Note: 1 byte character can also be referred as single-byte character while 2 bytes characters can be referred as double-byte characters
Based on the above image, we can make the following observations:
- Full-Width characters take 2 bytes in Shift-JIS
- Half-Width characters take 1 byte in Shift-JIS
- UTF-8 and UTF-16 do not seem very optimized to take Japanese characters taking 3 bytes and 4 bytes respectively
Unsurprisingly, Shift-JIS was designed for the Japanese and therefore are more space efficient than the more international/universal versions like UTF-8. According to my friend and the article, Japan still requires users to switch between full-width and half-width characters. I have no clue as to why but I have heard that Asian countries such as Japan and Korea can be slow to modernize their digital infrastructures despite being technology leaders and innovators. The article suggests it is due to the bureaucracy and work culture not fostering a culture to take some risks and not seeing the need to fix what isn’t broken.

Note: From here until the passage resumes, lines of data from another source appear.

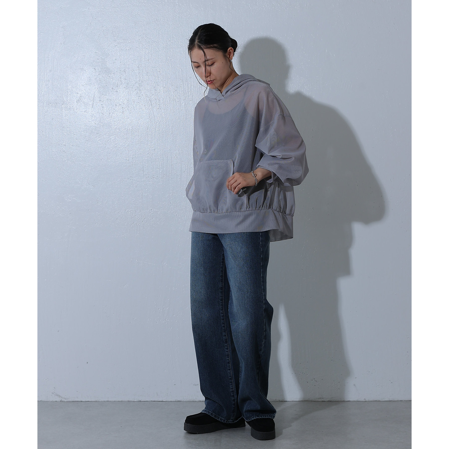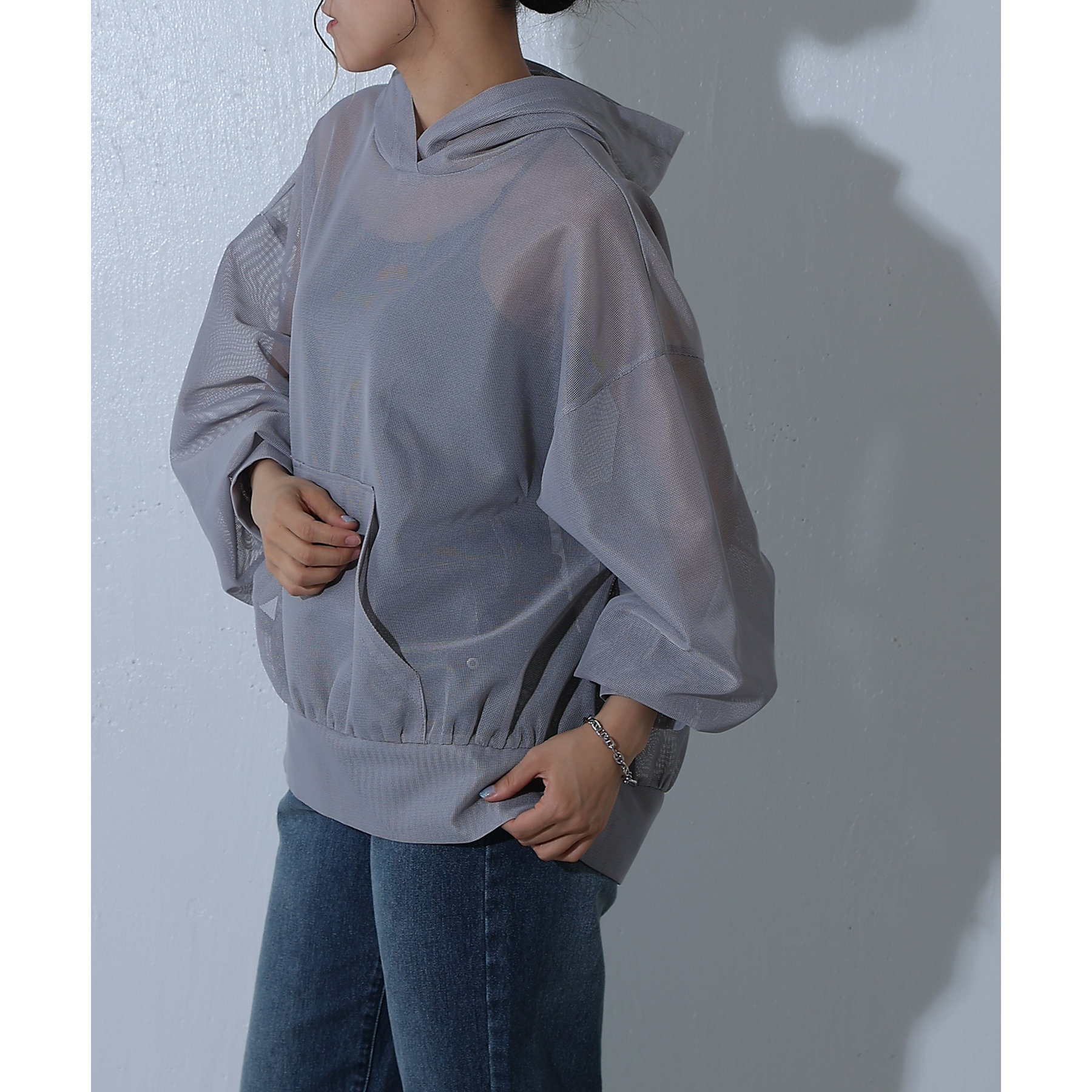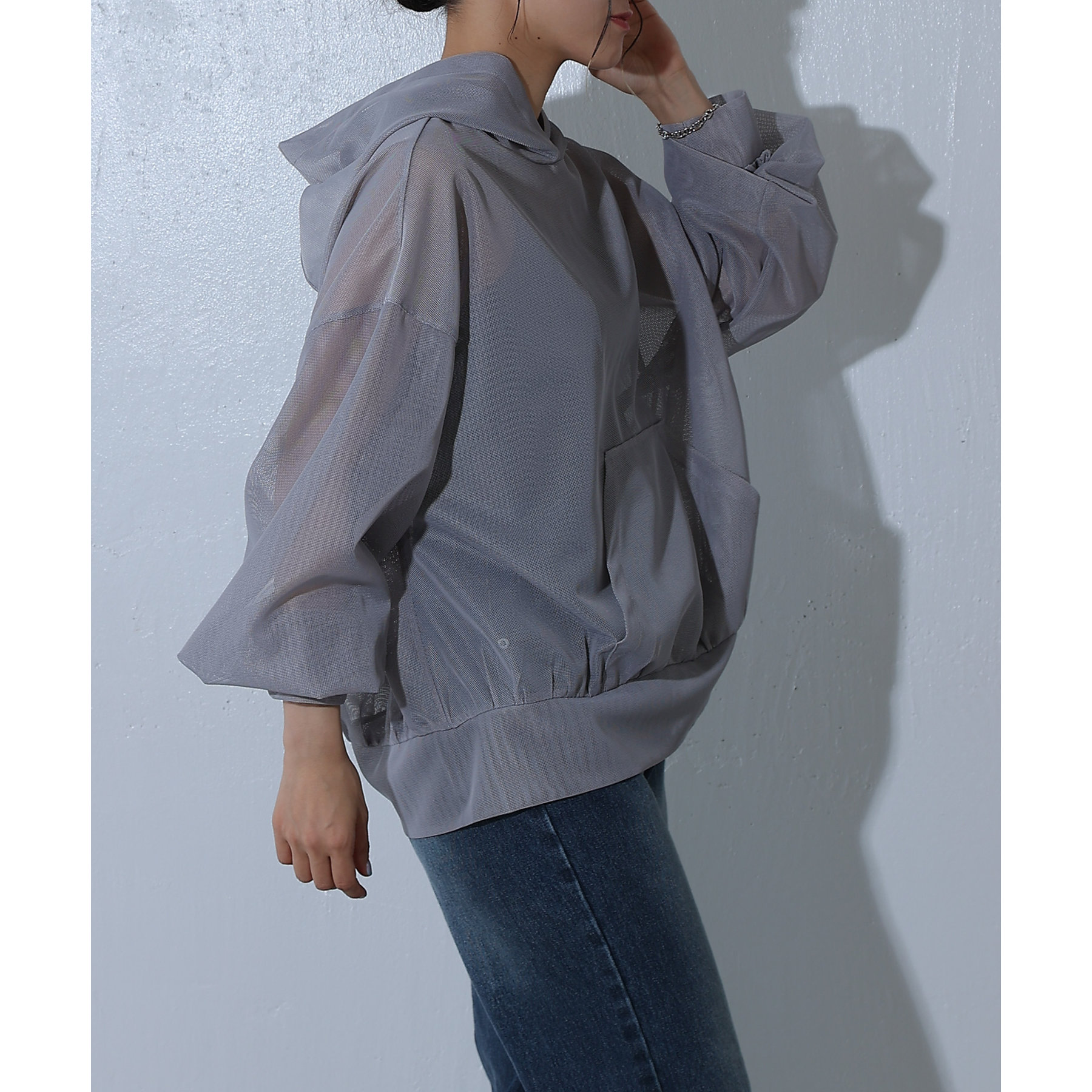 メッシュ素材のパーカーで一枚で涼しげな印象に◎
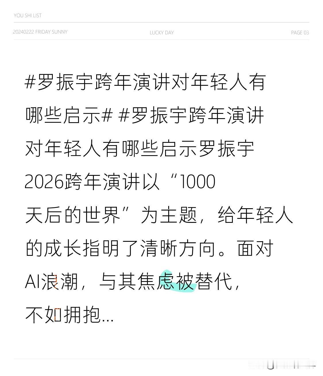 罗振宇2026跨年演讲以“1000天后的世界”为主题,给年轻人的成长指明了清晰方向。面对AI浪潮,与其焦虑被替代,不如拥抱“人机协作”的新范式——AI是托举人的梯子,而非排挤人的对手。 演讲提出的“紫领”职业新形态,启示年轻人要做“跨界解决方案专家”,既懂业务逻辑,又善用AI工具。教育层面,与其纠结“选什么专业安全”,不如培养独特性,就像“微场景设计师”那样,创造专属职业赛道。 核心竞争力从来不在文凭,而在解决真实问题的能力。年轻人要学会“跑在AI上面”,聚焦灵感、价值判断与情感连接这些人类独有优势。更要怀揣“愿力”,在空白领域深耕,以“发大愿、迈小丁”的坚持,在1000天的时间尺度里沉淀成长。 乐观是行动而非看法,AI时代的机会属于主动破局、终身学习的“不可救药的乐观派”。罗振宇晚会 央视跨年演讲
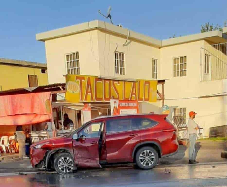 Los comensales del puesto de tacos, explicaron que fue la segunda camioneta, la que se pasó el señalamiento de alto.
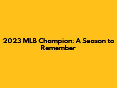 2023 MLB Champion: A Season To Remember
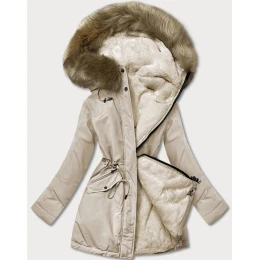 Béžová teplá oboustranná dámská zimní bunda (w610)
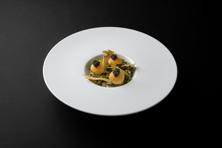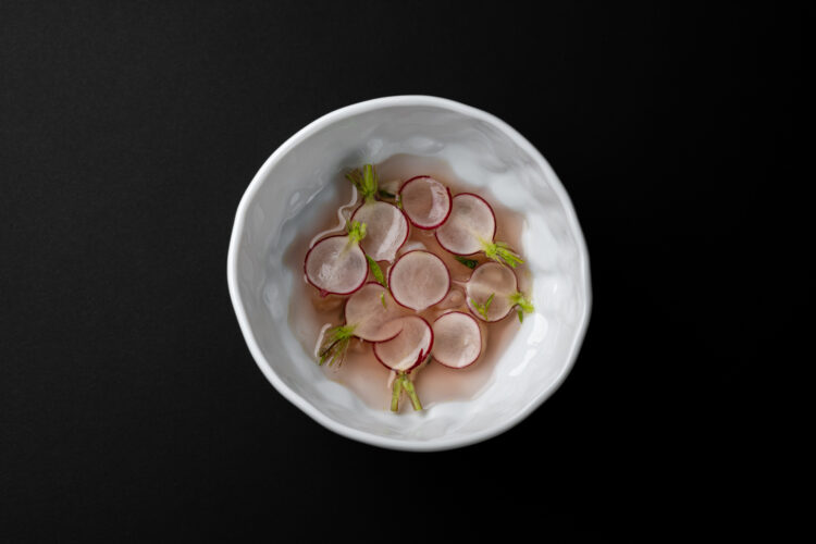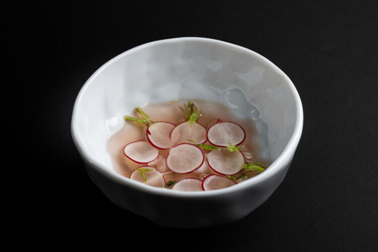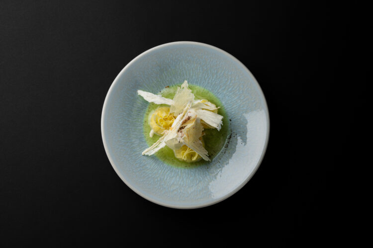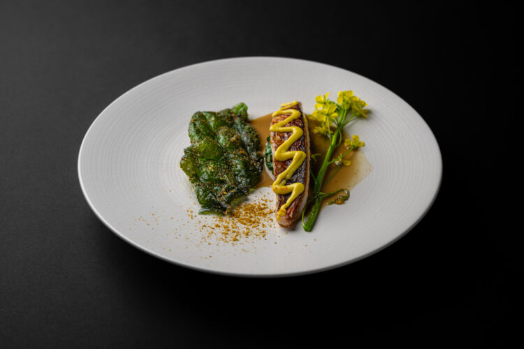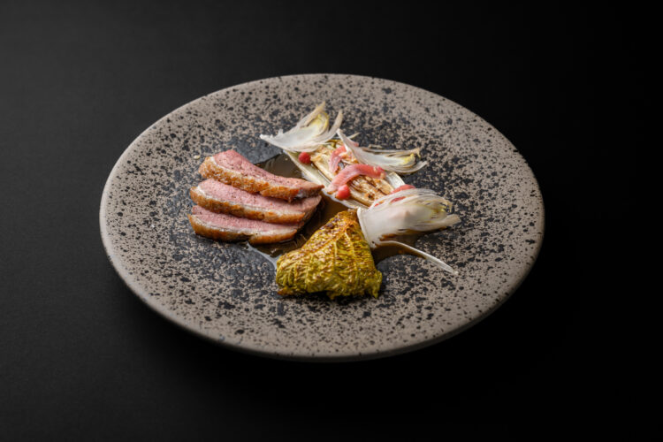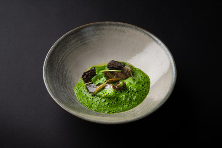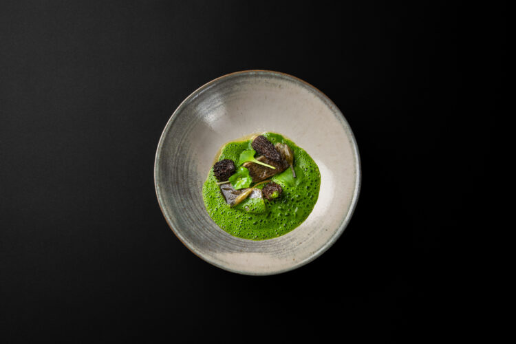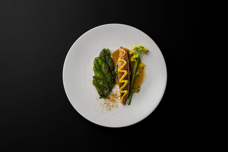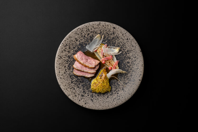 Dans l’assiette, cela se traduit par une cuisine d’une grande lisibilité, portée par les saisons et les intuitions du moment : Artichaut, huître, pomme de terre, lavande ; Radis, verveine ; Rouget, colza, citron confit ; Morilles, truite, hêtre ; Canard, rhubarbe, chicon. Des compositions qui avancent sans bruit, mais qui marquent durablement.
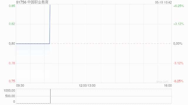 職教股逆市走高,中國(guó)職業(yè)教育(01756)上漲6.25%,報(bào)0.85港元;新高教集團(tuán)(02001)上漲3.32%,報(bào)2.80港元;中教控股(00839)上漲3.17%,報(bào)7.48港元;中國(guó)科培(01890)上漲2.70%,報(bào)2.66港元。
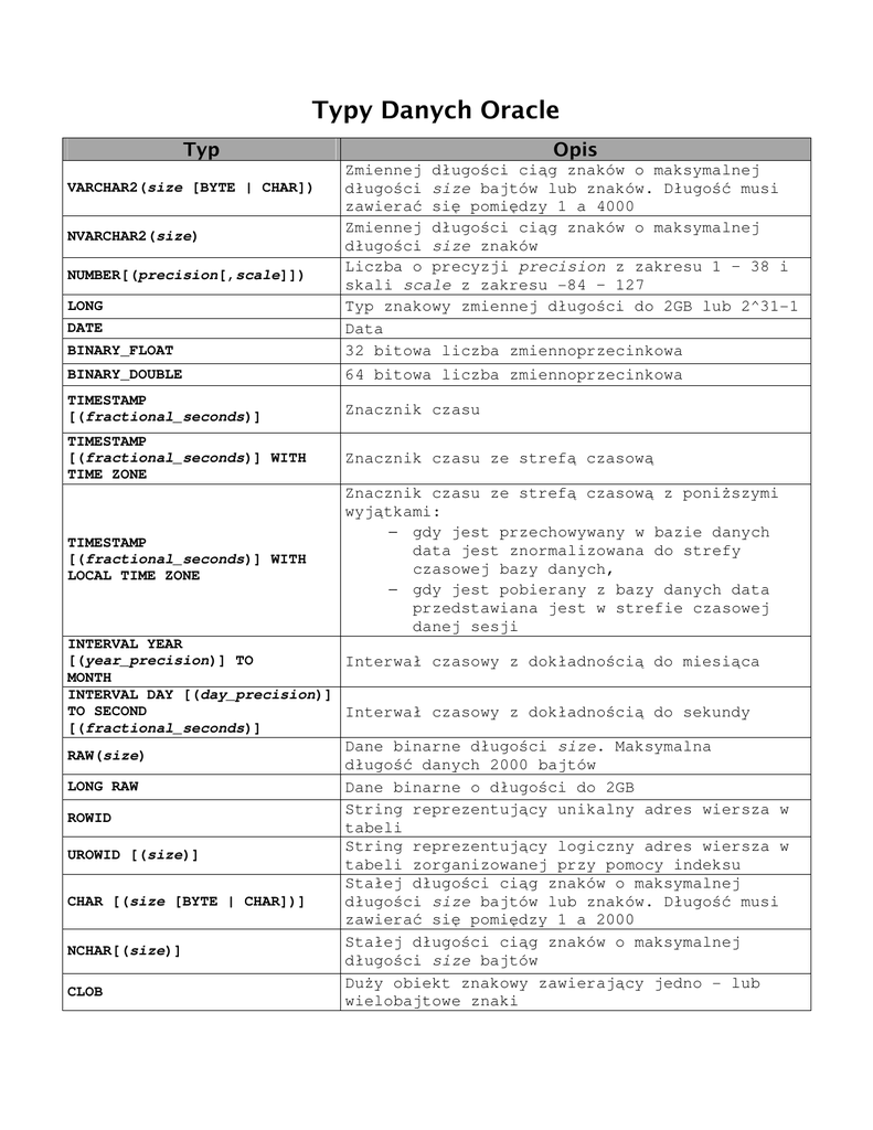 Typy Danych Oracle

The remaining content is not relevant to the title but is a refresher of Hex
Review of HEX
Computers work in binary which consists of only 0 or 1 (i.e. base 2). The decimal system we all use is base 10. Hexadecimal are base 16 and tend to be the favorite way to represent
a series of bytes due to its more compact form (or at least that’s what it seems like to me). Hexadecimal numbers have 16 values: 0-9 and A-F. In binary, a single bit can represent
2 values which can be expressed as 2^0. This means that 4 bits can represent 2^4 = 16 bits. This means a single hexidecimal digit can be represented using only 4 bits. Two
hexadecimal digit will therefore take 8 bits = 1 byte. That is why the half-character ア
takes up one byte as it is 0xB1
in Shift-JIS. B1
consists of two hexadecimal digits
and hence only 8 bits and therefore 1 byte. The full-width character ア
is 0x8341
which consists of 4 hexadecimal digits and therefore 4 * 4 bits = 16 bits or 2 bytes.